Stored data entries
########

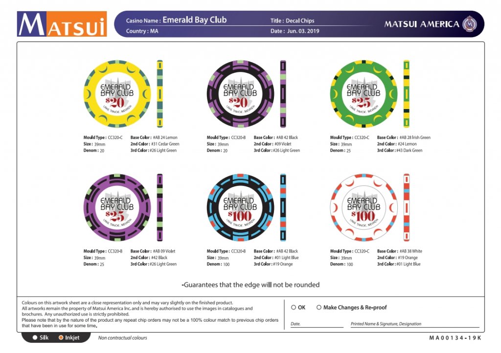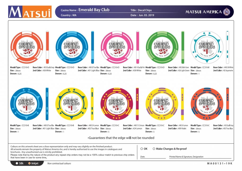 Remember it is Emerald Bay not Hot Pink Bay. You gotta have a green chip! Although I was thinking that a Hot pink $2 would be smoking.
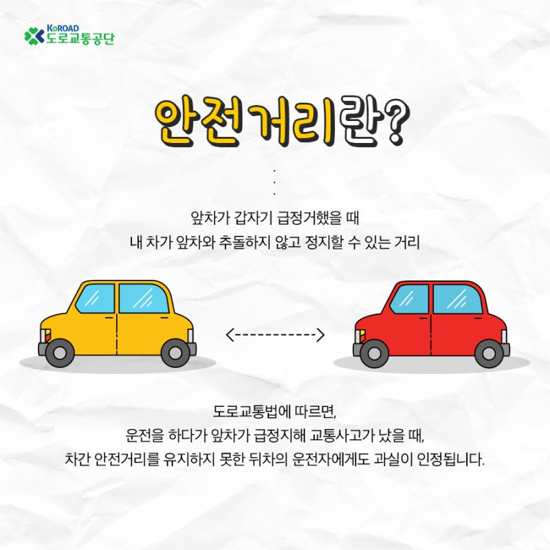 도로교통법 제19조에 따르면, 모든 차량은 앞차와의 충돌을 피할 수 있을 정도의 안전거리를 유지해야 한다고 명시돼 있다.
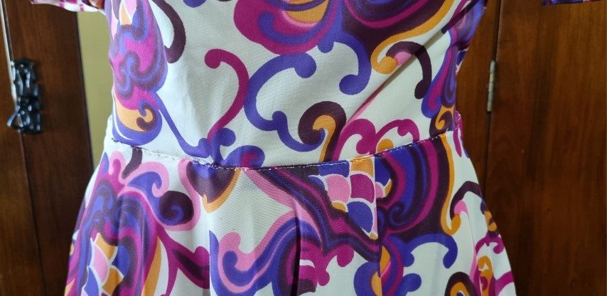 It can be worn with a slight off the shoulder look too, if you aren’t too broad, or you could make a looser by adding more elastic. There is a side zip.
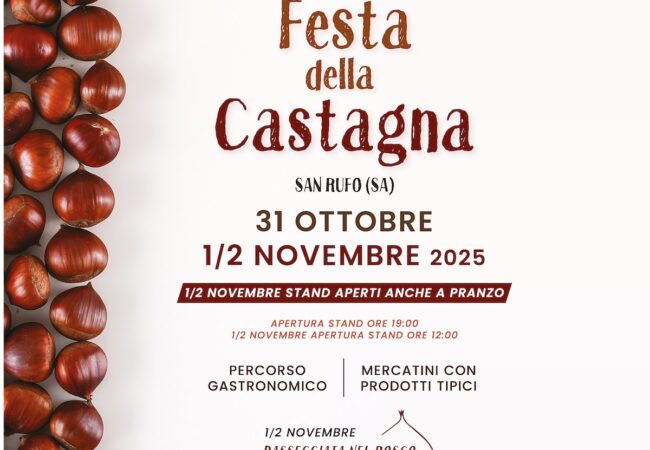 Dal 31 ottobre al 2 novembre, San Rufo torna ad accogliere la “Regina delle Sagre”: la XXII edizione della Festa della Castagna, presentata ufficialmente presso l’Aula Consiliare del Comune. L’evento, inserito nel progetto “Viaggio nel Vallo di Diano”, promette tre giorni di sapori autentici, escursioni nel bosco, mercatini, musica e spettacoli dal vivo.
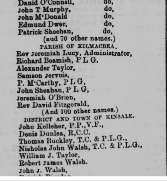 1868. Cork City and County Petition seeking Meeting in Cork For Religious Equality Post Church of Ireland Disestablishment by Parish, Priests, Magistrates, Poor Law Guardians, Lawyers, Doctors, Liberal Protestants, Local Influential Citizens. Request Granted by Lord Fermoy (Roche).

########

* **WHAT TO DO**:
Every entry should come back exactly as written, only without images.

* **SOLVED PROBLEM**:
 Remember it is Emerald Bay not Hot Pink Bay. You gotta have a green chip! Although I was thinking that a Hot pink $2 would be smoking.
 도로교통법 제19조에 따르면, 모든 차량은 앞차와의 충돌을 피할 수 있을 정도의 안전거리를 유지해야 한다고 명시돼 있다.
 It can be worn with a slight off the shoulder look too, if you aren’t too broad, or you could make a looser by adding more elastic. There is a side zip.
 Dal 31 ottobre al 2 novembre, San Rufo torna ad accogliere la “Regina delle Sagre”: la XXII edizione della Festa della Castagna, presentata ufficialmente presso l’Aula Consiliare del Comune. L’evento, inserito nel progetto “Viaggio nel Vallo di Diano”, promette tre giorni di sapori autentici, escursioni nel bosco, mercatini, musica e spettacoli dal vivo.
 1868. Cork City and County Petition seeking Meeting in Cork For Religious Equality Post Church of Ireland Disestablishment by Parish, Priests, Magistrates, Poor Law Guardians, Lawyers, Doctors, Liberal Protestants, Local Influential Citizens. Request Granted by Lord Fermoy (Roche).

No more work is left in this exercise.